Answer:
An example of the quadratic function that has zeros at x = 2 and x = 4, and that takes the value 6 when x = 3 is f(x) = -6·x² + 36·x 48
Step-by-step explanation:
The general form of a quadratic function is f(x) = a·x² + b·x + c
Which gives;
When x = 3, f(x) = 6 which gives;
6 = a·3² + b·3 + c = a·9 + b·3 + c............(1)
The zeros of the function are x = 2 and x = 4 which gives
0 = a·2² + b·2 + c = a·4 + b·2 + c...............(2)
0 = a·4² + b·4 + c = a·16 + b·4 + c...............(3)

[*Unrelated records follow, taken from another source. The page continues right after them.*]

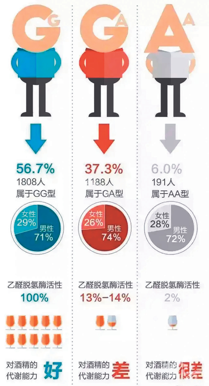 据毛根祥介绍,ALDH2基因有三种类型,即野生型(GG型、正常型,对酒精代谢能力好)、杂合突变(GA型,对酒精代谢能力差)和纯合突变(AA型,对酒精代谢能力很差)。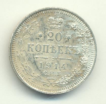 Лицевая сторона — гербовый орел, оборотная —обозначение номинала (20 копеекъ), окруженное венком из лавровой и дубовой ветвей и дата.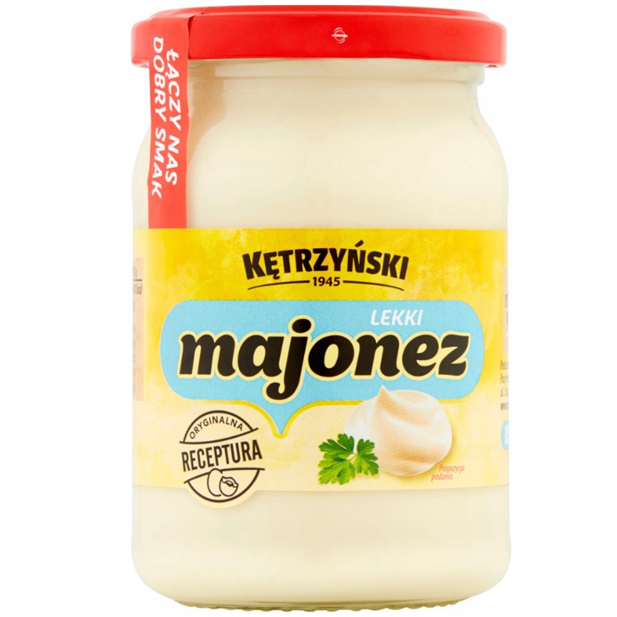 Він делікатний, містить додавання йогурту , має зменшений вміст жиру . Це чудове доповнення до низьких закусок , салатів, соусів . Завдяки цьому ви все ще можете насолоджуватися улюбленим смаком, не турбуючись про свою фігуру. Він не тільки підкреслює значення страв, але й додає енергії в дію. не містить глютену . Xanthanowa), яєчні жовтки 1,6%, пудра йогурту (містить молоко), сіль, консерванти: сорбат калію, бензоат натрію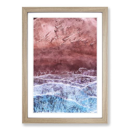 Big Box Art Waves Meeting The Beach Painting Framed Wall Art Picture Print Ready to Hang, Oak A2 (62 x 45 cm)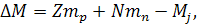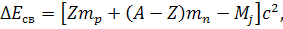 называется энергией связи ядра. Дефект масс характеризует разность, между массами невзаимодействующих нуклонов и массой образовавшегося из них ядра:

Subtracting equation (2) from (3) gives;
a·16 + b·4 + c - (a·4 + b·2 + c) = a·12 + b·2 = 0
b·2 = -a·12
b = -a·12/2 = -6·a
Substituting b = -6·a in equation (1) we have;
a·9 + b·3 + c = a·9 + (-6·a)·3 + c = 6
a·9 -18·a + c = 6
-9·a + c = 6
c = 6 + 9·a
Substituting b = -6·a and c = 6 + 9·a in equation (2), we get
0 = a·4 + b·2 + c = a·4 + (-6·a)·2 + 6 + 9·a = a·4 -12·a + 6 + 9·a
a + 6 = 0
a = - 6
b = -6·a = -6*(-6) = 36
c = 6 + 9·a = 6 + 9*(-6) = 6 - 54 = -48
The equation of the function is therefore, f(x) = -6·x² + 36·x 48.